Hoy seguramente le corriste la mesa a Dios y al ritmo de tu Pachanga Tropical lo estás haciendo bailar de la mano de todos aquellos cantantes que tanto admirabas y hoy están junto a vos en el cielo. Un lugar que te ganaste porque no fuiste una persona mala, sólo fuiste alguien a quien no supimos comprender.

“Adiós leyenda de mi pueblo”, escribió alguien en las redes, y realmente pocos tienen el privilegio de llegar a esa condición, sólo lo hacen aquellos que tienen talento y que son auténticos y fieles a sus orígenes y no resignan su dignidad para quedar bien.

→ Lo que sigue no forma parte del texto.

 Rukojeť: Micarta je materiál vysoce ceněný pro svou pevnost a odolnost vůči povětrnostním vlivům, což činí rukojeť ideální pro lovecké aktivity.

Pichana desde que comenzó a andar los caminos radiales se hizo de un estilo propio que lo conservó hasta los últimos días que tuvo aire en la radio. Son muchas las cosas por las que será recordado este icono de la radiofonía local que se llamó, se llama y se llamará José Luis Casanova, o simplemente Pichana para todos.

Hoy tal vez nos invade una catarata de recuerdos de todo lo que nos hiciste vivir, pero con seguridad los que más llenarán nuestras almas y corazones serán los sentimientos de culpa por haber abandonado a su suerte a una persona como vos que entregó todo lo mejor que tenía para alegrar y divertir a un pueblo y que en sus últimos años sólo cosechó de nosotros olvido y desamparo.

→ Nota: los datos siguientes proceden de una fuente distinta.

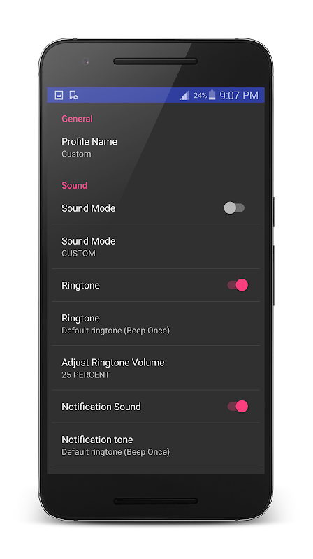 App allows 10 profiles to be customized as you prefer. You can Enable/ Disable them by single click.

Querido Pichana, te escribo con la esperanza de que desde ese lugar donde brillará tu luz por toda la eternidad tengas la enorme grandeza de perdonar todo aquello que hicimos para lastimarte y des un poco de consuelo a nuestras almas, que no supieron estar a la altura de lo que realmente necesitabas.

Un pedazo de nuestras vidas se fue con vos. Hoy vives en paz, con tranquilidad, sin olvido y sin dolor.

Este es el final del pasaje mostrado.